● **Exercise description**
Everything from the line that contains "NOTE: The LH" to the final line of the data, both ends included, must be set down exactly, apart from the pictures.

● **Source material**
---
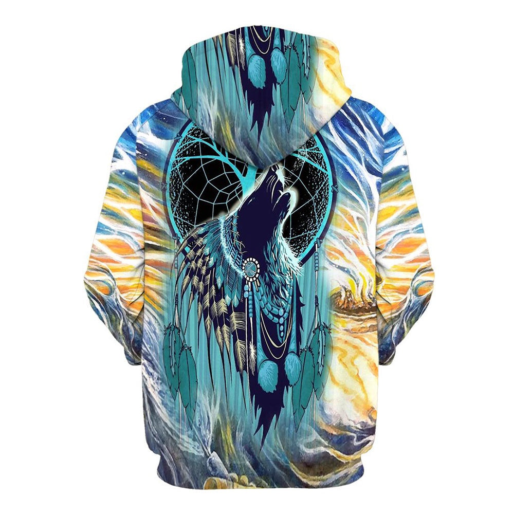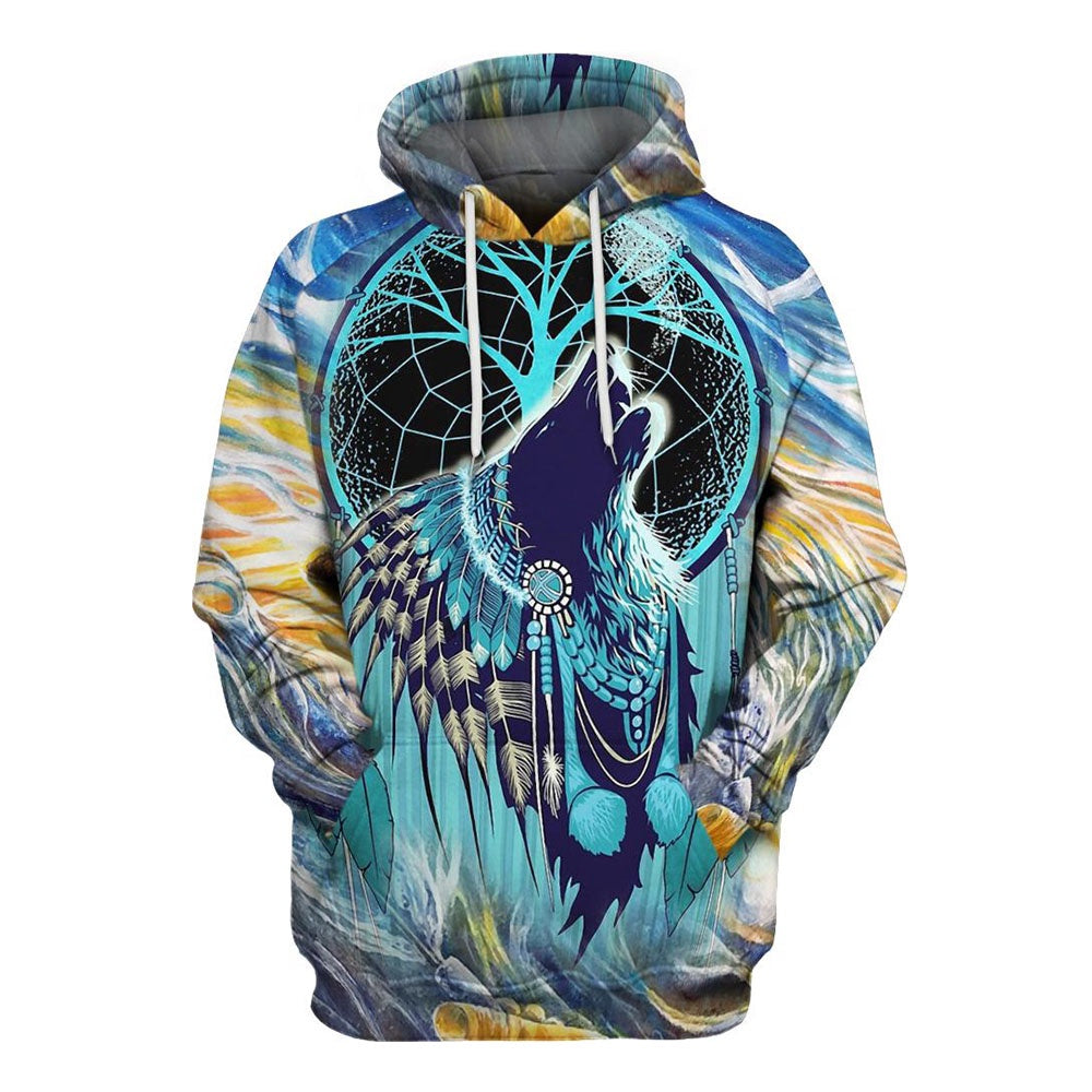 Native American Blue Wolf Dream All Over Print Hoodie, Native American Hoodie, 3D Native American Hoodie
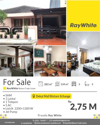 Rumah Siap Huni 1 Lantai di Sekitar Bintaro Area - Dekat Mall BXC Spesifikasi Luas tanah 282 m2 Luas bangunan 134 m2 1 lantai 5 KT 3 KM Listrik 2200+1300 Va jet pump SHM Akses Lokasi strategis di Graha Bintaro - Dekat dengan Pintu Tol Jkt Serpong - Dekat dengan stasiun kereta api Pondok Ranji, Jurang Mangu, Jombang - Dekat dengan mall Bintaro Plaza, Bintaro Xchange, Gramedia, McD, Pizza Hut, dengan Electronik city, dekat dengan Lotte mart, dekat dengan pasar modern. - Dekat dengan RS Premier Bintaro dan RS Mitra Keluarga Bintaro - Dekat Sekolah Internasional - Bebas Banjir Harga Rp2,75 M nego *(tti/an)
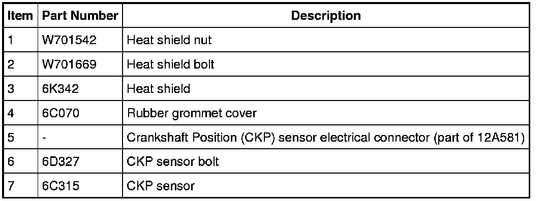 NOTE: The LH catalytic converter must be removed to service the Crankshaft Position (CKP) sensor. For additional information, refer to Exhaust System Service and Repair.
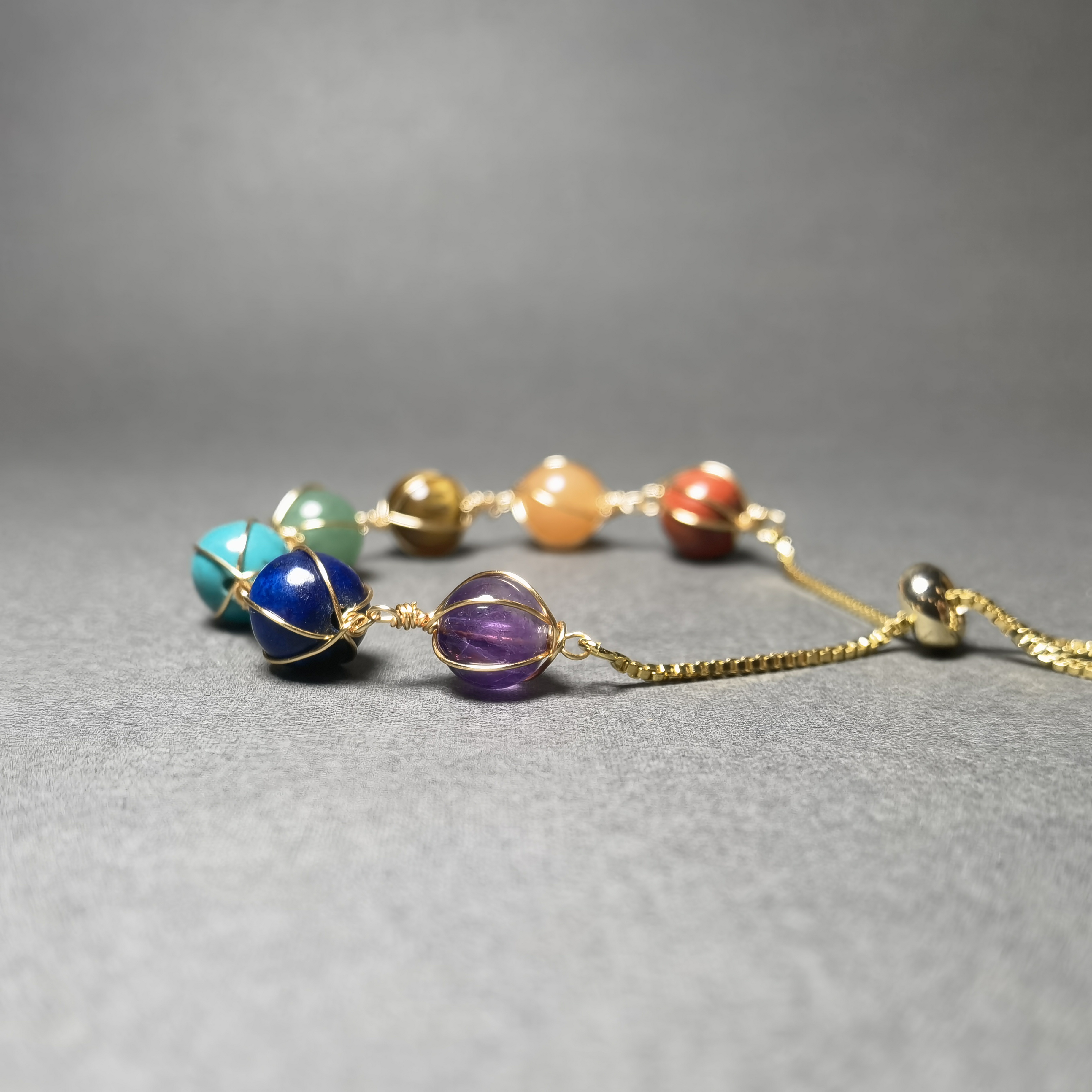 Seven-Color Crystal Bracelet Pulse Yoga Meditation Jewelry Ins Style European and American Cross-Border E-Commerce Popular Bracelet Wholesale Wheel
---
● **Answer to the exercise**
 NOTE: The LH catalytic converter must be removed to service the Crankshaft Position (CKP) sensor. For additional information, refer to Exhaust System Service and Repair.
 Seven-Color Crystal Bracelet Pulse Yoga Meditation Jewelry Ins Style European and American Cross-Border E-Commerce Popular Bracelet Wholesale Wheel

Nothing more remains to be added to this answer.